These observations suggest a general facilitatory role for BAG‐1 in signal transduction pathways involved in the regulation of cell survival and possibly in the control of other cellular processes as well. How BAG‐1 accomplishes these disparate biochemical functions, however, is unclear. Using interaction cloning techniques, we have identified the molecular chaperones, Hsp70 and Hsc70, as BAG‐1‐binding proteins. The identification of Hsp/Hsc70 as an accessory protein of BAG‐1 suggests a possible role for chaperone interactions in regulating the activities of BAG‐1. Furthermore, BAG‐1 exhibits a novel activity, inasmuch as it functions as a potent inhibitor of chaperone‐mediated folding reactions in vitro. Hitherto, no inhibitors of chaperone activity have been described, making BAG‐1 the first such protein to be identified.

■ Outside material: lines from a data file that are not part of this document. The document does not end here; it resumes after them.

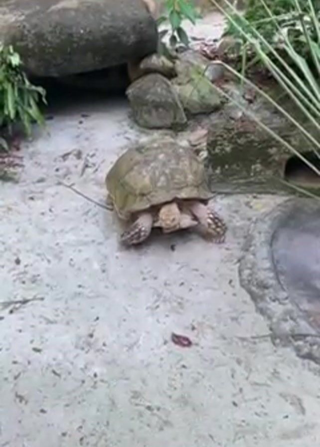 A tortoise is facing toward the camera while standing on a sandy-looking ground. There is foliage and rocks surrounding the tortoise. There is also a shallow water feature to the right of the tortoise. Sounds of people can be heard in the background.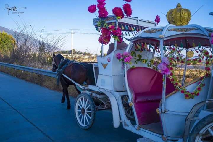 在路上稍作停留,却有马车俄顷从童话寰宇里穿逾越来似的,从我身边渐渐走过,臆想是快到“上班工夫”了吧,而他们前进的标的,当然即是不远方的喜洲古镇啦。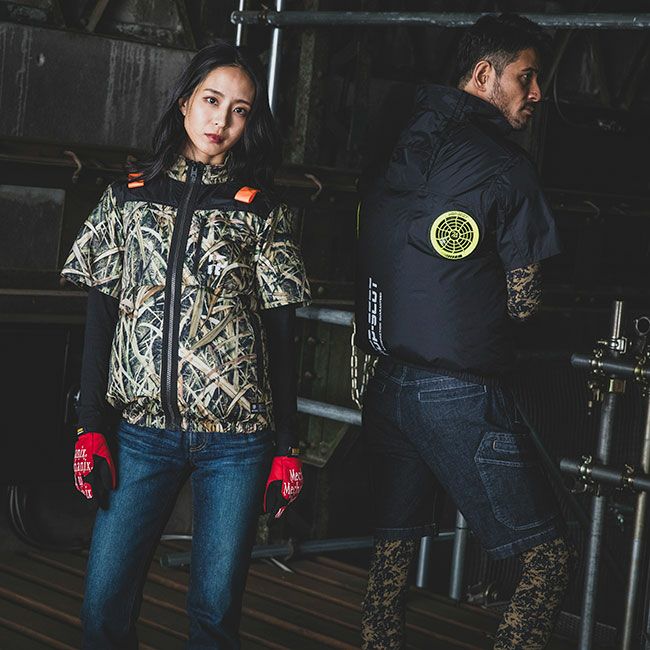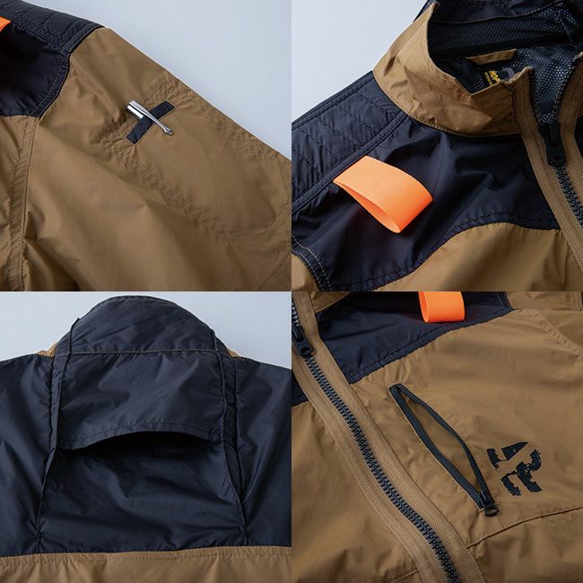 背面にはフルハーネス対応用にランヤード通し口があり、前面にハーネス着用時にも使用しやすい縦型ポケットをデザインしました。裏チタンコーティングにより紫外線遮蔽率97.7%(UPF50%)のUVカット性能があり猛暑時には暑さも和らげます。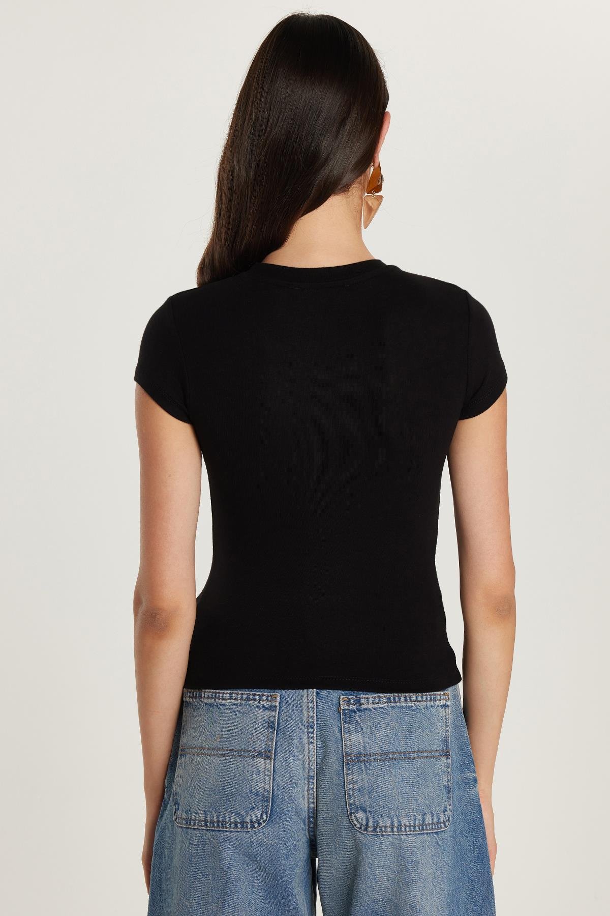 Kadın Regular Fit Klasik Kesim Bisiklet Yaka Viskon Kumaş Ultra Soft Siyah Tişört (BDY25023-02)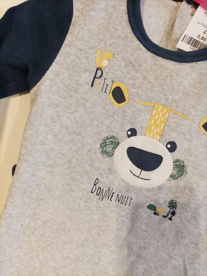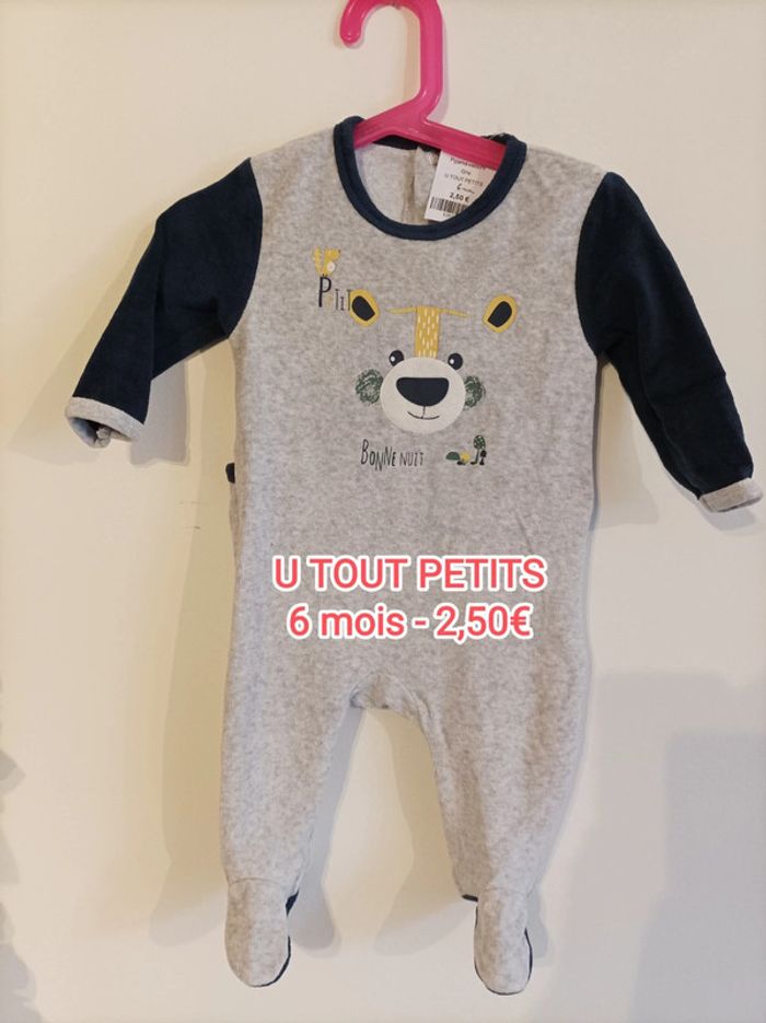 Pyjama velours, couleur grise 6 mois U TOUT PETITS #utoutpetits #utoutpetits6mois #pyjama6moisgarçon #momandebonheur

BAG‐1 interacts with the ATPase domain of Hsc70
During ligand blotting experiments using recombinant BAG‐1 protein as a probe, we noted an ∼70 kDa BAG‐1‐binding protein in extracts prepared from many different types of cells derived from several species (unpublished data). We therefore attempted to identify cDNAs encoding this evolutionarily conserved protein by screening a λgt‐11 expression cDNA library using GST–BAG‐1 protein as a probe, as well as by yeast two‐hybrid methods (Takayama et al., 1995; Takayama and Reed, 1996). Both approaches resulted in the cloning of cDNAs encoding Hsc70, with the overlapping region common to these cDNAs corresponding to amino acids 186–377 of the ATP‐binding domain of human Hsc70 (Figure 1A). Indeed, two of the cDNA clones encoded only the ATPase domain of Hsc70 (clones #16 and #23), and were devoid of sequences corresponding to the peptide‐binding domain which can interact with proteins in non‐native conformations.

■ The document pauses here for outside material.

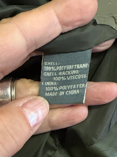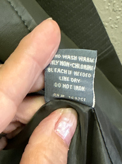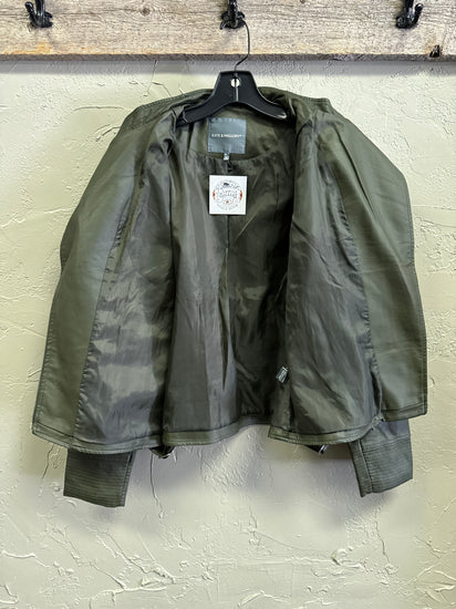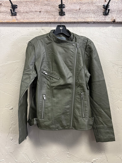 Description : New without tags, olive green faux leather moto jacket with an asymmetric front zipper, multiple zip pockets, quilted elbow panels and a short stand collar. The front shows seam detailing and zip cuffs for a tailored, edgy look.

The interaction of these fragments of Hsc70 with BAG‐1 was readily demonstrable by two‐hybrid assays, regardless of whether Hsc70 and BAG‐1 were expressed as fusion proteins with an appended DNA‐binding domain or with an attached transactivation domain (Figure 1B). In contrast, neither Hsc70 nor BAG‐1 interacted in two‐hybrid assays with a number of control proteins, including Ras, lamin‐B or the cytosolic domains of Fas (CD95) and CD40 (Figure 1B and data not presented). Moreover, certain deletion mutants of BAG‐1 failed to display interactions with Hsc70 in two‐hybrid assays, such as a carboxy‐terminal truncation mutant missing the last 47 amino acids of BAG‐1 (Figure 1B), further implying a specific interaction between these two proteins.
To confirm the interaction of BAG‐1 with Hsc70 by an independent method, a GST–BAG‐1 fusion protein was produced in bacteria and examined for its ability to bind the in vitro translated 35S‐labeled ATPase domain of Hsc70 (Figure 2, left panel). Hsc70(ATPase) bound to GST–BAG‐1 but not to several control GST proteins and not to the glutathione–Sepharose beads used to recover GST fusion proteins. Conversely, when the ATPase domain of Hsc70 was produced as a GST fusion protein and assayed for binding to various 35S‐labeled in vitro translated proteins, interaction with only BAG‐1 was detected. (Figure 2, right panel).
The BAG‐1 protein contains a domain with similarity to ubiquitin (residues 48–89 in the 219 amino acid long murine BAG‐1 protein). Previous studies have shown that the first 89 amino acids of BAG‐1 are expendable for its binding to Bcl‐2 and to the kinase Raf‐1 (Wang et al., 1996a and unpublished data). Similarly, a GST–BAG‐1 mutant lacking residues 1–89 also bound to [35S]Hsc70(ATP‐binding domain) with efficiency comparable with the full‐length BAG‐1 (Figure 2). In contrast, a mutant of BAG‐1 containing only residues 90–172 failed to interact with Hsc70(ATP‐binding domain), implying that the region of BAG‐1 from 172 to 219 is essential for Hsc70 binding. A C‐terminal truncation mutant of BAG‐1 lacking only the last 47 amino acids of BAG‐1, GST–BAG‐1(1–172), also was unable to bind Hsc70(ATP‐binding domain), further demonstrating the importance of the region from 172 to the C‐terminus. Though important for BAG‐1–Hsc70 interactions, the last 48 amino acids of BAG‐1 were insufficient for Hsc70(ATPase) binding (Figure 2), implying that additional residues upstream of amino acid 172 are necessary for binding or for proper folding of the domain in BAG‐1 which interacts with Hsc70(ATPase). Taken together, these in vitro binding studies confirm the ability of BAG‐1 to interact with the N‐terminal ATPase domain of Hsc70, independently of its C‐terminal peptide‐binding domain.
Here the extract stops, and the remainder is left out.